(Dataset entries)
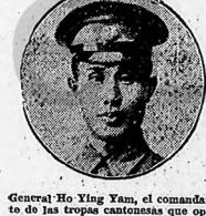
General Ho Xing-Yam, el comandante de las tropas del general Ho Xing-Yan, jefe del movimiento de propaganda anti-británica.
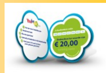
Voorbeeld boekenbon van YouBeDo.com

“Wij geloven dat - net als bij het delen van geluk - je er samen beter van wordt als je deelt. YouBeDo.com doneert daarom 10% van het aankoopbedrag aan een goed doel dat de klant zelf kiest. De donatie wordt berekend over het aankoopbedrag exclusief btw. Aan het begin van iedere nieuwe maand worden de donaties aan de goede doelen overgemaakt. Daarnaast sturen we maandelijks een nieuwsbrief met daarin het overzicht van de gedoneerde bedragen.”
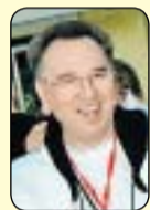
Вячеслав Зайцев («Модный приговор», Первый)

Не размножается Анфиса, Ей некогда детей рожать: Кто, кроме Чеховой, сумеет О сексе людям рассказать. Она не практик — теоретик, Важней рассказ ей, чем процесс. Ах, кто бы нам открыл секретик, Как слово заменяет секс.
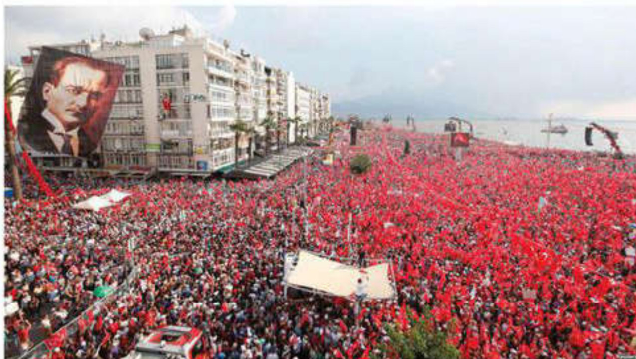
Кемализм в Турции

В ноябре 1945 г. И. Иненю, выступая в парламенте, впервые высказался за отказ от однопартийной диктатуры. В январе 1946 г. группа вышедших из НРП депутатов провозгласила создание Демократической партии (ДП). Ее возглавлял Джелаль Баяр и Аднан Мендерес. В отличие от НРП, новая партия выступила за соблюдение демократии и гражданских свобод, за большую свободу
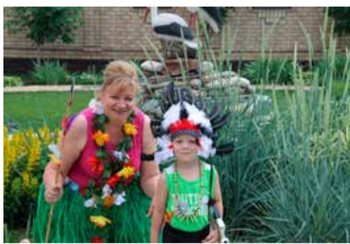
«С внуком мы индейцы»
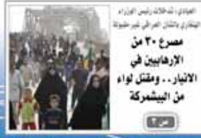
الوفاء: ثلاثة آلاف الفدائي الوفاء: يتظاهر العراقي في طهران مصراع ٣٠ من الإرهابيين في الانبار.. ومقتل لواء من البيشمركة
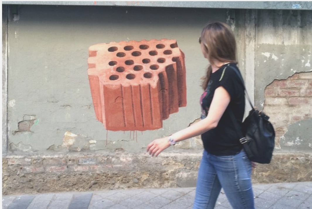
Ignacio Pérez-Jofre. Intervención urbana en Valladolid (2015). Acrílico sobre muro

Su obra está presente en colecciones públicas como la del Centro Galego de Arte Contemporánea, Universidad de Salamanca, el Ayuntamiento de Salou, la Diputación de Orense, Diputación de Córdoba o el Palacio de Exposiciones y Congresos de Madrid.
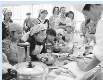
▲料理に興味津々の子どもたち
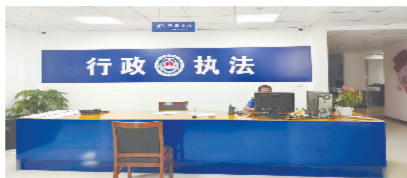
萧江综合行政执法窗口

今年以来,萧江综合行政执法窗口已办理六小企业排水证审批42件,占道审批23件,按时办结率、群众满意度均达到100%。下一步,平阳县综合行政执法局萧江中队将不断加强学习,提高业务水平,创新服务模式,破解审批过程中“时空阻隔”“多头多次跑”等问题,真正做到“小窗口,大服务,办好事”,打造群众满意的服务窗口,推进“万人双评议”工作走深走实。
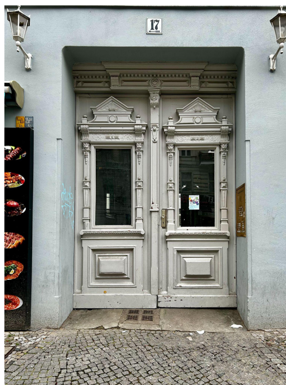
Figuras 13 e 14

Aspectos da cidade de Berlim, na Alemanha.
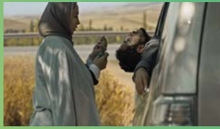
جاده خاکی Hit the Road Mit with Diversity Talk
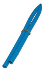
EI 5 TF
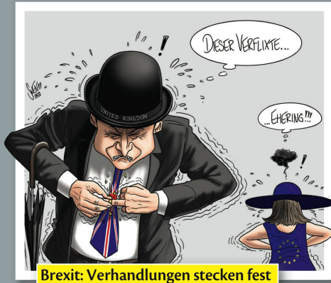
Brexit: Verhandlungen stecken fest
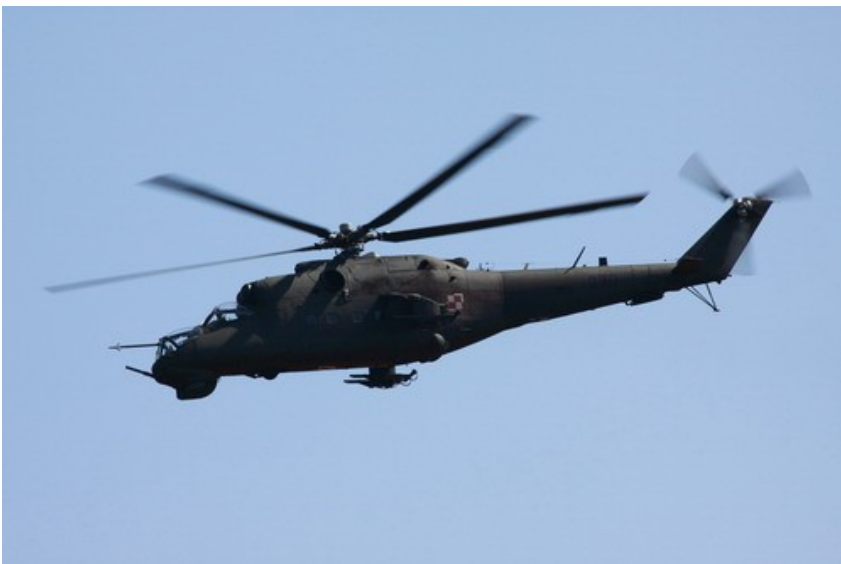
Wsparcie ogniowe zapewnia para Mi-24

W trakcie dynamicznej części prezentacji goście obejrzeni misję ratownictwa bojowego (Combat SAR), przeprowadzoną przez żołnierzy 7. batalionu kawalerii powietrznej, podczas której plutonowa grupa bojowa oraz śmigłowce Mi-24 (w wersji afgańskiej, z dodatkowym opancerzeniem), Mi-8 i W-3PL Głuszc wspóldziały ze sobą przy odbijaniu pilota uprowadzonego z rozbitego statku powietrznego. Jest to element ćwiczony przez polskich żołnierzy przed każdą kolejną rotacją PKW do Afganistanu.
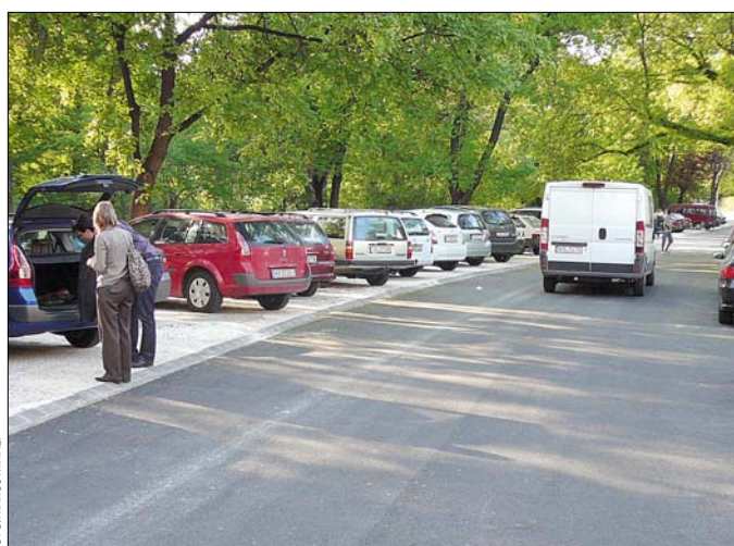
Az Ignotus utcában kulturált parkolási lehetőséget is biztosítottak

Ennél is nagyobb változáson esett át az Acsádi Ignác utca. A
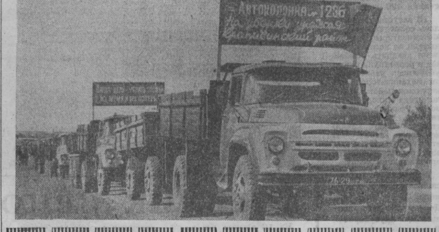
15 августа колонна машин автохозяйства № 1236 отправилась в Крайневский район. Это вторая группа машин, 50 водителей уже трудятся в районе на заготовке кормов...
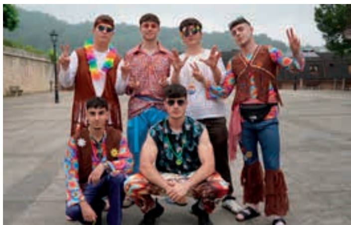
Modako janzkera izan zela zalantzarik ez da. Zein garaikoa, hori beste kontu bat da.
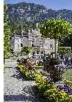
Lin.V, Hauptfassade mit Wasserparterre und Flora-Brunnen, DI027041, BSV-
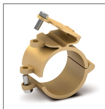
AT-033A Grapa latón cable/plet con soporte mástil 1"
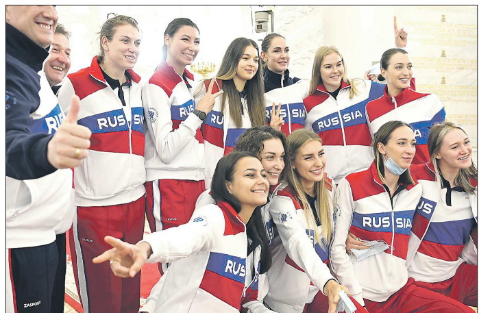
Российские волейболистки в Кремле, где они встречались с президентом страны
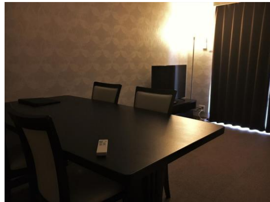
〈ダイニングルーム〉
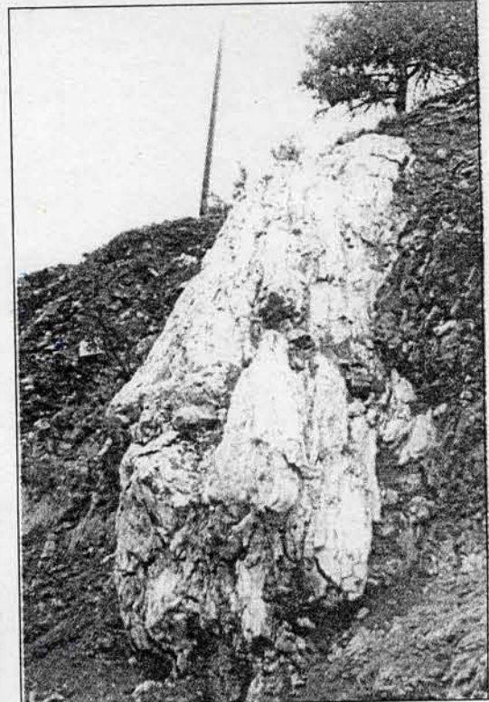
Toprak altında kalan fosil ağaçların, gerekli kazı çalışmalarının ardından gün yüzüne çıkarılması planlanıyor.
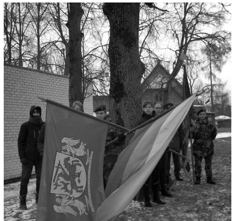
Po Vilniaus ažuolu...

nai, dešinėje jau Pagojės ežeriukas, ant jo ledo juoduliuojantys žvejai, jų gal visos dešimtys... Išėjome į plentą ir kiek žengtelėję stabtelėjome istorinės atminties valandėlei prie paminklo 1944 m. vasarą su sovietų kariuomene besikovusiems lietuvių šauliams. Elegantiškas, dailus akmuo. Palei ežerą, priimant kai kurių automobiliais pro mus pralekiančių pasveikinimus. Linksmai plazdanti, iš rankų į rankas perduodama Aukštaitijos vėliava. Jau Sindiko gyvenimas, jau Gojaus kalnas, jau Vikonių kaimo vaizdai, jau Juškų šiltnamiai ir žygiuojančių šauliukų lūpose skambanti lietuviška daina. Vis artėjantys ir didėjančios aukščiausios bažnyčios bokštai, kryžkelė, išsiskyrimai ir atsisveikinimai, pasilikusių žygis į slėnį, į Anykščių miestą, į jo svarbiausią aikštę su Laisvės skulptūra, ten, kur ir prasidėjo mūsų žygis Troškūnų šauliams ir visiems Lietuvos kariais atminti.
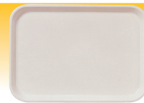
SN4311 美耐托盘(米白) 340x240x22 SN4312 美耐托盘(米白) 383x280x22 SN4313 美耐托盘(米白) 415x305x23 SN4314 美耐托盘(米白) 450x340x25
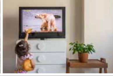
3. Ramazan Çirakoğlu

▶ _ASSIGNMENT_:
Give again exactly the lines from the one holding "nai, dešinėje jau" to the final line of the records, both ends included; any pictures stay out.

▶ _RESPONSE TO THIS TASK_:
nai, dešinėje jau Pagojės ežeriukas, ant jo ledo juoduliuojantys žvejai, jų gal visos dešimtys... Išėjome į plentą ir kiek žengtelėję stabtelėjome istorinės atminties valandėlei prie paminklo 1944 m. vasarą su sovietų kariuomene besikovusiems lietuvių šauliams. Elegantiškas, dailus akmuo. Palei ežerą, priimant kai kurių automobiliais pro mus pralekiančių pasveikinimus. Linksmai plazdanti, iš rankų į rankas perduodama Aukštaitijos vėliava. Jau Sindiko gyvenimas, jau Gojaus kalnas, jau Vikonių kaimo vaizdai, jau Juškų šiltnamiai ir žygiuojančių šauliukų lūpose skambanti lietuviška daina. Vis artėjantys ir didėjančios aukščiausios bažnyčios bokštai, kryžkelė, išsiskyrimai ir atsisveikinimai, pasilikusių žygis į slėnį, į Anykščių miestą, į jo svarbiausią aikštę su Laisvės skulptūra, ten, kur ir prasidėjo mūsų žygis Troškūnų šauliams ir visiems Lietuvos kariais atminti.
SN4311 美耐托盘(米白) 340x240x22 SN4312 美耐托盘(米白) 383x280x22 SN4313 美耐托盘(米白) 415x305x23 SN4314 美耐托盘(米白) 450x340x25
3. Ramazan Çirakoğlu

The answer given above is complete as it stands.